I have always encouraged CEP to focus on psychological aspects of prescribed drug dependence (see eg. previous post). I was even critical of the RCPsych leaflet (see another previous post) that has caused such disquiet, not least because it's been taken down from the College website before it's been properly reviewed, even though I thought it was generally a helpful leaflet.
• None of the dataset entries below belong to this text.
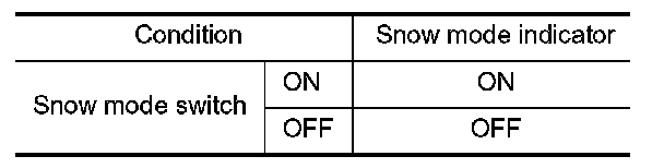 2.Check the snow mode indicator in the snow mode switch under the following condition.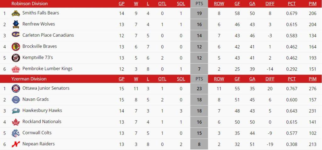 Despite the two shootout losses, Hawkesbury – now 7-3-1-3 for 18 points on the season – picked up two points on weekend and remain tied with the Navan Grads for second place in the Central Canada Hockey League’s (CCHL) Yzerman Division. The Ottawa Junior Senators lead the division – and the CCHL – overall – with 23 points in 15 games.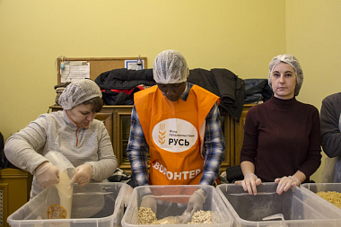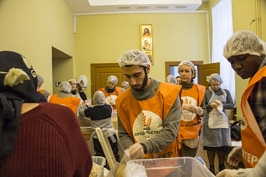 3 февраля 2019 года в трапезной ставропигиального женского монастыря Марфо-Мариинская обитель милосердия 27 добровольцев проекта «Народные обеды» собрали 220 продуктовых наборов для подопечных обители и Православной службы помощи «Милосердие».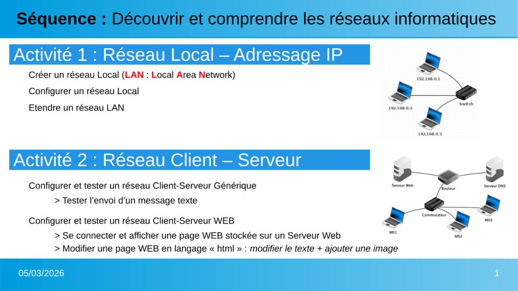 Cette activité permettra de facilement comprendre les grands principes des réseaux informatiques, le vocabulaire associé.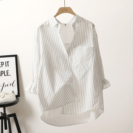 2025春季新款韩版白色条纹衬衫女宽松中长款简约防晒纯棉显瘦上衣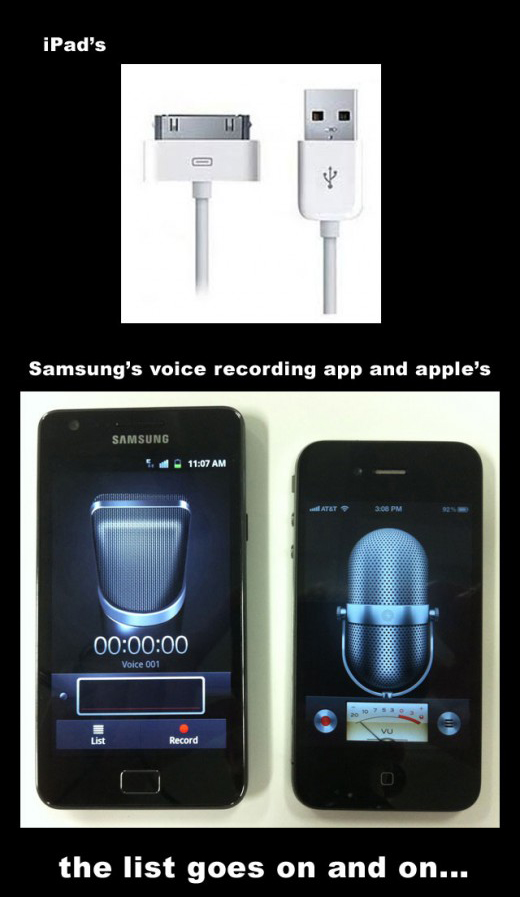 南朝鮮の企業サムスンは、ギャラクシーという米アップル社のiPhoneやiPadの盗作商品を販売し、世界中で訴えられている。最近では、ドイツで裁判所からギャラクシーシリーズの発売禁止命令が下され、オランダでは仮差し止め命令が下されている。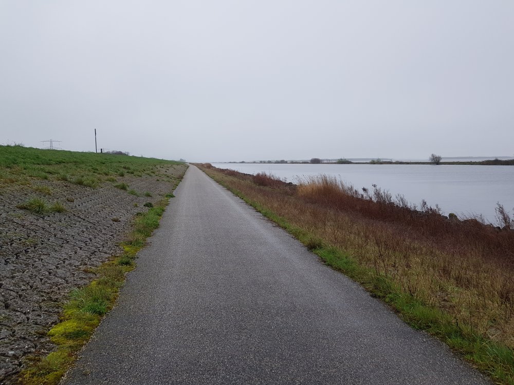 Het stuk langs de oevers van het Vollenhovermeer is pittig door de regen en de wind tegen. Ik ben dan ook blij als ik de Blokzijlerweg bereik. De vreugde is echter van korte duur.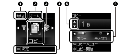 選択されているモード(この例ではホーム画面で「コピー」が選択されている)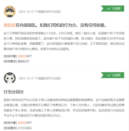 在黑貓投訴中的確存在大量司機對貨拉拉的投訴,主要集中在扣司機行為分,不退還保證金等情況。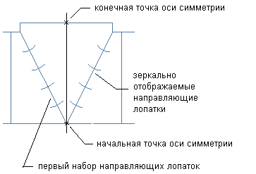 | Выполнить зеркальное отражение текущих направляющих лопаток | Зеркальное отражение первого набора направляющих лопаток относительно заданной оси (для тройников) ![]() |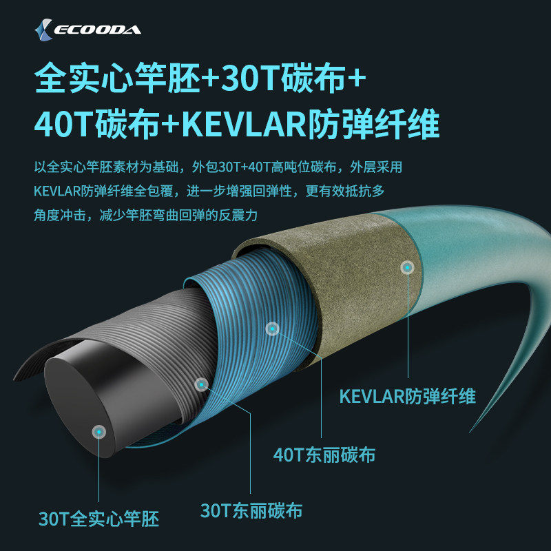 📚 ECOODA伊酷达青蓝二代轻型铁板竿实心海钓鱼竿近海船钓竿海杆裸竿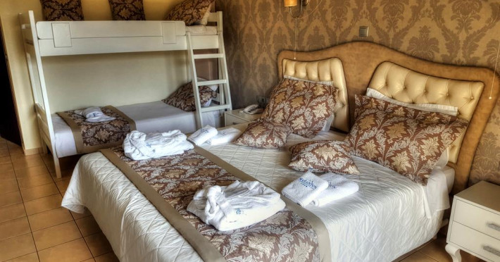 O piscină principală și o piscină pentru copii sunt la dispoziția clienților, precum și un bar la piscină, unde se pot bucura de băuturi răcoritoare, gustări sau mese ușoare pe tot parcursul zilei. Utilizarea sezlongurilor la piscina si plaja este gratuita. Bufetele în restaurantul principal sunt inspirate din bucătăria grecească și o atenție deosebită se acordă calitatii ingredientelor. Clientii se pot menține în formă vizitand sala de sport complet echipată a hotelului și sauna. Camerele eco diferă de celelalte tipuri printr-un mobilier si decoratiuni mai vechi, toate aceste camere fiind un pic sub nivelul parterului.Datorita dinamicitatii domeniului disponibilitatea ofertelor se modifica de la un moment la altul. De aceea ofertele sunt valabile in limita locurilor disponibile. Agentia nu este responsabila pentru eventualele neconcordante care pot aparea intre informatiile privind tarifele si alte detalii din site si informatiile primite in agentie. In aceste cazuri vor avea prioritate, intotdeauna, informatiile primite in agentie.

By the way, from the interview today, Clare Gerada, like her husband (see post), doesn't seem to believe in the placebo amplification hypothesis of apparent antidepressant efficacy, and I'm not sure why .


Anonymous said...

Well said Duncan - Could you please give a reference for the letter which was signed by you and others? many will be so thankfull that at last people are speaking out openly in public forums rather than just amongst professional groups. the more the disgraceful attempt to dupe the public is outed the more people will be spared the high possibility of suffering adverse effects of psychiatric drugs. Clare should be ashamed of herself not least for declaring that in 30 years she has not had any experience of indivividuals suffering from withdrawal or other negative symptoms. I think most people would have seen through the silliness of claiming tht a person had been through the door only yesterday claiming as a result of the study that they now can take the drugs which have been helping so much without worrying. Leave that nonsense to politicians. The claim is simply so disengenuous - statistically over a period of her time even if part time as a GP there will have been some who have had serious negative experiences as with most drugs. She is as angry about the public being informed when the publicity machine has been able to keep the truth largely under wraps. As a cliician she should be using evidence to inform rather than her biased opinion. But readers please do read the David Healy blog and the Rxisk blog to see for yourselves what the physical NOT JUST PSYCHOLOGICAL harms which which Duncan has pointed out are experienced by those who have take anti depressants (and other psychiatric drugs) often without any warning of possible side effects or help to withdraw. Again Clare was disengenuous by muddling the understanding of 'addictive' with the addiction to street drugs ...the issue is not on the same. Shame shame shame on them - why have so few been left to shoulder the burden of exposing what has been happening for many years? Paradoxically they have brought the institutions into even more disrepute and undermined public triust in the people first mantra - the idea of partnership and transparency has been shown to be a sham .Susanne Stevens

Anonymous said...

Apologies Duncan I missed the link and enormous thanks for publishing the whole letter with responses from the college. Hope you will keep followers of your blog updated. susanne

Unknown said...

This is disturbing. Obviously psychiatrists would want to hide the dependency-forming tendencies of the drugs they provide. It would be a warning signal for people who were considering taking them. Evidence of this tendency to dependency formation would cut into the business of psychiatrists who are committed to the biomedical model of mental illness. Just pop a pill and you're cured.